# PS3 Firmware 4.87 released



## Deleted User (Dec 3, 2020)

You can download the firmware update through your PlayStation 3 by checking in software updates.


> An update to the PlayStation 3 system software was released on 12/03/20.
> In order to download PS3 system software version 4.87, you will need a minimum 200MB of free space on either the PS3 Hard Disk Drive (System Update) or on removable storage media (PC Update).
> Always update your PS3 system to the latest version of the system software.
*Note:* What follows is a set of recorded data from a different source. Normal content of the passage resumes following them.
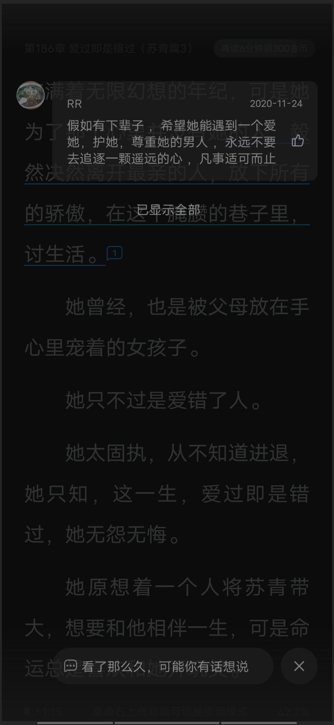 Super pretty! I agree with what the cutie downstairs said. This childhood sweetheart novel is really different and not childish. Most of the ones I have read revolve around campus plots and then a lot of White Lotus Green Tea likes the male protagonist acting like a monster. But this one does not. Most of the plot revolves around Lu Chen and Lin Qingqing. Watching how Qing Qingqing heals Lu Chen gives him a lot of warmth. This is a sweet love story about each other. I haven't cried while reading a book in a long time. This book made me make an exception. The love between Lu's father and mother's only you is very touching. It's heartbreaking that Xia Nini (?? I forgot her name😅) has to work hard to get into college and wait for her father to come back. Finally, there's Lu Zhixu! Oh my God~ I cry whenever he appears😭 My whole heart breaks for him💔 The male protagonist is the female protagonist, and the second male lead makes readers feel distressed. To be honest, I often love the second male lead and then forget about them. Hahahaha. Lu Zhixu is one of the few male protagonists who makes me feel unforgettable. Even after a long, long time, I will still remember him. I was tamed by him 😢 I read a book and there is a sentence in it that I quite like: "There are so many people in this world who ask for nothing, but they all have to endure it. A lifetime is enough to get through it." Yes, there are so many people who ask for nothing, but not many people can still smile and bless generously even if they are crying. "Lin Qingqing must be happy." 💔 Life is actually very short, but longing for it is very long. A male lead actor I like once said something like this: "Human, I have to give my all to one person once in my life. I'm a bit lazy. Once is enough. It's so unforgettable. It burns all the passion and temperature. I can only spend it once in my life." I'm glad that the author didn't force a cp for Lu Zhixu at the end. If so, it would be an insult to him 😅 How can a girl who has been in love for a whole youth let go so easily? That is the girl he did not hesitate to sacrifice his life to protect carefully. There are not so many perfect things in life. I am not saying that I want to curse Lu Zhixu, but I think there is a high possibility that he will be orphaned in this life. Hahahaha The most impressive thing is that he said that he wanted to love Lin Qingqing for the rest of his life, but she didn't want it, but she didn't want it, but she didn't want it 😭😭😭 At the end, he also said that he would be happy, secretly paying attention to her, secretly liking her, and then secretly forgetting her 😭😭😭😭 where Lin Qingqing couldn't see her. His love could only be secret from the beginning. He did nothing wrong, it just came late. Lin Qingqing is Lu Chen's little angel Lu Zhixing is Su Qing's light Lin Zicong is Fu Shuang's salvation But Lu Zhixu has nothing. It's so sad. I sincerely hope that he can meet Lin Qingqing earlier in another parallel world 🙏 I don't know why I suddenly feel that Mayday's "good" is very consistent with Lu Zhixu's mood: No matter how long life is, the fireworks fall from the corners of my eyes. No matter how big the world is, the smiles you and I stare at... We all have to take good care of ourselves. It's so good that I regret that I can't disturb it. Live a good life and grow old well. Pretend that I have forgotten you 😢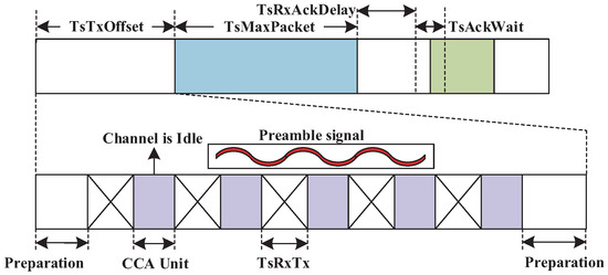 At a CES, the timing structure of the transmitting node is shown in Figure 5 and the destination node still accords with the standard. The main adaptation is to add CCA units (128 μs) in the TsTxOffset, which is the 2120 ± 100 μs duration between the beginning of the slot and the start of the data frame transmission. We respectively reserve 200 μs and 340 μs at the beginning and end of TsTxOffset for some preparation of the slot and data frame. In CCA units, we adopt CCA mode 2 in IEEE 802.15.4 standard, where CCA shall report a busy medium upon the detection of a signal with the modulation and spreading characteristics of an IEEE 802.15.4 compliant signal. The maximum number of CCA units is 5 in this paper. Multiple source nodes will contend this slot by randomly selecting a CCA unit to detect the state of a channel. Once a source node detects that the channel is free, it sends a preamble signal to occupy the current slot during the remaining time TsTxOffset. Another source node will detect the preamble; then, it stops to perform CCA and to give up using the current slot. The radio chip may switch the state and channel in TsRxTx, which is less than 192 μs. We assume that there are K transmissions with different source nodes and the same destination node. The probability of successful contention is and enough to guarantee the reliability of the flow transmission, since the contention at CES occurs only when the DL-ACK is lost on the previous link. The use of CES is to decrease abundant slot allocation and to increase slot use, which also results in the increase of schedulable ratios.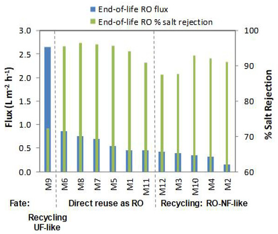 Table 6 shows permeate flux, permeability and the rejection coefficients when treating the pre-filtered LFL water, compared to the observed rejection at the industrial facility prior to installing any second-hand membranes (based on historic data 2016–2019 and a punctual sample of July 2019).
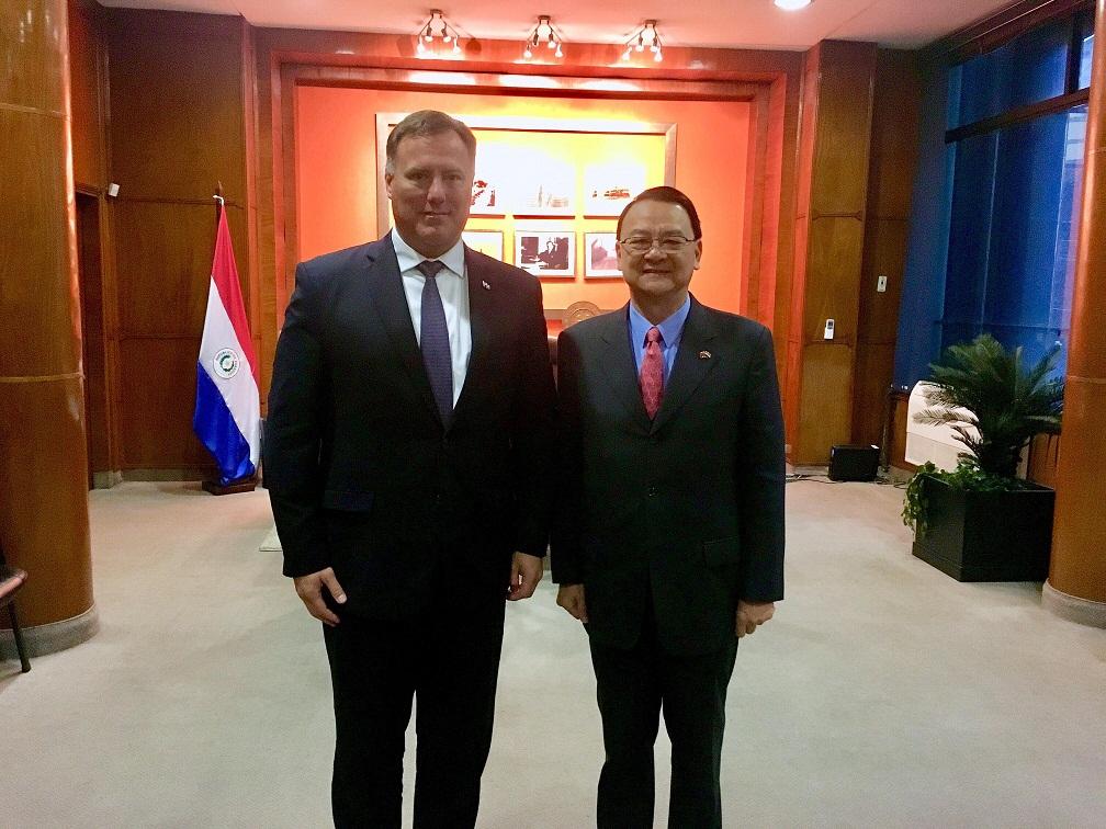 駐巴拉圭周大使麟本(6)月14日上午拜會巴國公共工程部長西梅內茲˙高歐納(Ramón Jiménez Gaona Arellano)。西梅內茲˙高歐納部長深受卡提斯(Horacio Cartes)總統信任,任期與現任政府相同,為巴國歷任公共工程部長任期最久者,任內除提升巴國公共工程案之數量5倍,更積極培育巴國及該部所需工程人才。

By updating, you can enjoy additional features, improved usability and enhanced security.
> 
> ...



Source:https://www.playstation.com/en-us/support/hardware/ps3/system-software/


----------



## godreborn (Dec 3, 2020)

possibly AACS key renewal which is for bluray playback.  they have to be renewed every year.


----------



## Julie_Pilgrim (Dec 3, 2020)

Does this break cfw?


----------



## godreborn (Dec 3, 2020)

Scott_pilgrim said:


> Does this break cfw?



yes, it should.  I did a little skim of this elsewhere just now, and it doesn't look like there's anything bad about the firmware like antihack stuff.  there's no cfw for this firmware as of yet that I know of though, so don't update.


----------



## Flame (Dec 5, 2020)

now im worrying if they ever going to stop updating the PS3, even tho its just few files which got updated.


----------



## expanddong69 (Dec 5, 2020)

This software update removes the Dualsense controller compatibility with the PS3 afaik,hmm


----------